Minidisk Mapping extends the concept of applications using storage and letting CP handle the real I/O. This function provides a means of associating minidisk data with VM data spaces. One or more minidisks can be mapped to one or more data spaces. An application references the data simply by referencing the corresponding storage location in the data space. The real I/O is handle by the CP paging subsystem, which provides efficiencies.

Some initial setup work is required to establish the mapping rules. This is managed by MAPMDISK, a CP macro. Since virtual storage is volatile, management for integrity must be considered. The SAVE function provides a means of forcing or committing the data to the non-volatile DASD where the minidisk resides. Minidisks that are to be referred to exclusively as mapped minidisks should be made ineligible for minidisk cache.

The processing associated with page fault resolution serializes a virtual machine.
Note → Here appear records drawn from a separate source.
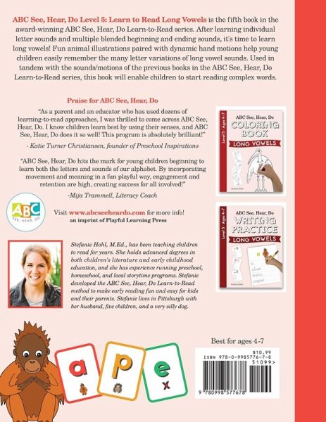 ABC See, Hear, Do Level 5: Learn to Read Long Vowels is the fifth book in the award-winning ABC See, Hear, Do Learn-to-Read series. Once children learn individual letter sounds and multiple blended beginning and ending sounds, it's time to learn letter combinations that create long vowel sounds. In this book, fun animal illustrations are paired with dynamic hand motions to help young children easily remember the long vowel sounds created by each letter combination. Designed with beginning readers in mind, this multisensory method of learning long vowels is simple, entertaining, and effective. Used in tandem with the sounds/motions of other books in the ABC See, Hear, Do Learn-to-Read series, this book will help children continue to build confidence reading. Best for ages 4-7. The ABC See, Hear, Do Learn-to-Read method combines visual, auditory, and kinesthetic learning styles to help increase phonemic awareness and promote deeper learning. Educational research consistently promotes teaching methods which integrate multiple learning modalities, thereby resulting in increased understanding and retention. Incorporating movement into learning encourages brain development and increased cognition. The ABC See, Hear, Do Learn-to-Read method links engaging illustrations with simple text and dynamic hand motions, promoting long-lasting comprehension and simple fun while learning. Great for homeschoolers, teachers, speech language pathologists, and parents, ABC See, Hear, Do offers a multitude of simple, effective learn-to-read resources that introduce children to the joy of reading.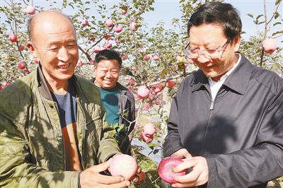近年來(lái),延安蘋果產(chǎn)業(yè)不斷壯大。在寶塔區(qū)廟溝村,薛占海腳一踏進(jìn)果農(nóng)朱懷明的蘋果園就問(wèn):“老朱,你今年蘋果賣了多少錢?”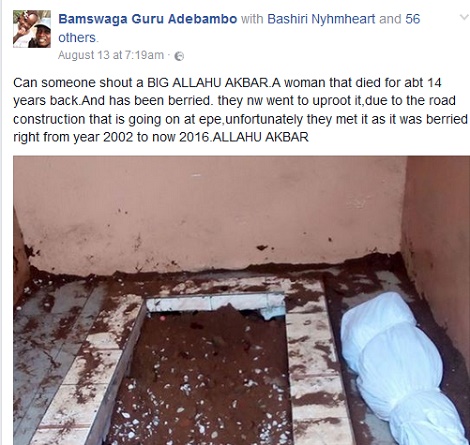 The man who broke the news wrote: "Can someone shout a BIG ALLAHU AKBAR. A woman that died for about 14 years back.And has been buried. they now went to uproot it, due to the road construction that is going on at Epe, unfortunately they met it as it was berried right from year 2002 to now 2016. ALLAHU AKBAR"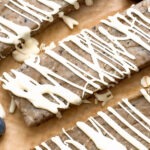 Keyword blueberry protein bars with white chocolate drizzle, clean eating dessert or snack, healthy blueberry protein bars, no bake blueberry protein bars, white chocolate blueberry protein bars

The Asynchronous Page Fault capability is available to address the impact of server virtual machine page fault serialization on other dependent virtual machines. Asynch Page Fault allows a virtual machine to continue processing on other work (a different task), while CP handles the page fault. The implementation applies only to page faults of data space pages. CP will provide an interrupt when the page fault is complete. At that time the server application can finish the processing the original task associated with the page fault.

The PAGEX support is based off the same idea. There are two significant differences between the two:

1. PAGEX deals with the primary address space while the Asynchronous Page Fault support is limited to VM Data Spaces.
2. Asynchronous Page Fault was designed with server virtual machines in mind. The hand shaking interface with CP is easy to work with and lends itself nicely to server applications.

Disk mapping can further improve performance through the use of another CP macro, REFPAGE. This macro allows an application to specify its upcoming storage reference patterns. The z/VM paging subsystem uses this information to form blocks of pages that are related to the application's future reference pattern. When the paging subsystem needs to reference a DASD for one page of a block, it loads the entire block into the data space, eliminating the need to access the DASD on subsequent references to other pages.